At the moment, we can point out three different technical support levels that vary in respect of the project’s complexity, stakeholder’s needs, and the client’s business maturity: 

Level 1. Service desk

Under the service desk tier, the development team ensures: 

  • Processing of incidents and requests 
  • Dealing with common, typical, and previously documented issues
  • Escalating issues
  • Collecting statistics

Level 2. Issues/problem management

The second level of technical support empowers developers with more responsibilities:

  • Resolving of non-standard issues 
  • Analyzing root causes 
  • Providing workarounds and quick fixes to minimize business interruptions
  • Resolving high severity and urgent incidents

Level 3. Product development

Under the third level of technical support, almost every tech vendor provide a dedicated team that deals with

  • Developing permanent solutions to issues from rare curing
  • Releasing and deploying management to align system changes with changing business needs

3. Models of cooperation 

The model of cooperation determines the number of responsibilities a development team faces when building a project. There are three fundamental cooperation models – Managed Services, the Dedicated team, and the Extended team. Let’s explain them one by one. 

Managed Services is a cooperation model under which the team operates all product development processes. At the same time, you get the freedom and time to develop your business. This engagement model works best to build complex products, such as web or mobile applications, from scratch and provides technical support services. 

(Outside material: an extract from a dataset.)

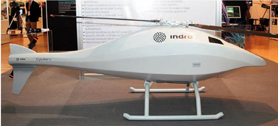
Prototipo UAV Pelicano ( http://www.indracompany.com/sectores/seguridad-y-defensa/nuestra-oferta/seguridad-y-defensa/aviones-no-tripulados ).

tomar en la cubierta de un buque y realizar misiones programadas en modo de vuelo autónomo, o dirigido manualmente por un operador.

The team’s composition that works under this model may include application developers and quality assurance specialists and a product manager, UI/UX Designer, Business or System Analyst, and other team members depending on your project’s needs. 

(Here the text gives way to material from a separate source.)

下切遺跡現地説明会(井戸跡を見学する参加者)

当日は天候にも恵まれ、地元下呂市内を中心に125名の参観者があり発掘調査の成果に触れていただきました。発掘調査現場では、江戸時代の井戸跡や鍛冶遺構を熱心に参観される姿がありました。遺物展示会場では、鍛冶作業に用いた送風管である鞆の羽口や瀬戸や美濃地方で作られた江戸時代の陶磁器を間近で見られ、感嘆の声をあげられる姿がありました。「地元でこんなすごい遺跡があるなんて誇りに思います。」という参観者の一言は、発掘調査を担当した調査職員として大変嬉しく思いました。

The dedicated team model means the development team shares responsibilities with you. You can work under this model for outsourcing business functions such as development and quality assurance to empower your existing development team with our narrowed domain specialists. 

The team composition of the dedicated team model includes developers, quality assurance managers, and a dedicated Project Manager who is taking care of the Software Development Life Cycle (SDLC) Methodology and process. The Project Manager also facilitates the integration of the dedicated team with other teams on your side and third parties.

The extended team is a cooperation model under which you as a client manage all the project development processes. The comprehensive team model is popular among businesses that want to extend existing software development teams with extra professionals while avoiding finding in-house candidates and hiring costs. 

To make the extended team model work, you need to have established project management processes. Our Extended Team will inherit your existing structure and report directly to you or your project manager.

4. Project Management for Software Development Tips

Six central values that differentiate a trusted tech partner from bad ones:

Happiness as KPI. We focus on things that matter. We know how to take care of your business’s problems and turn them into solutions. 

Result-Oriented. We value your business the most. We are willing to help you with directions that yield great value where time is everything and doubts are detrimental. 

Narrow Expertise. We understand the balance between the industry’s best practices and adjusting to opportunities when they come knocking on the door.

Verified Seniority. We manage each team member’s qualifications, apply the Competence matrix, and create a Personal Development Plan to grow in-house professionals. 

Standardized Onboarding. We apply an Onboarding Plan to shorten the project onboarding process, so new team members are integrated into the project quickly and efficiently.

Project Health Check. We ensure that the project goes right by applying Project Health Check best practices to compare project characteristics and qualities with industry standards.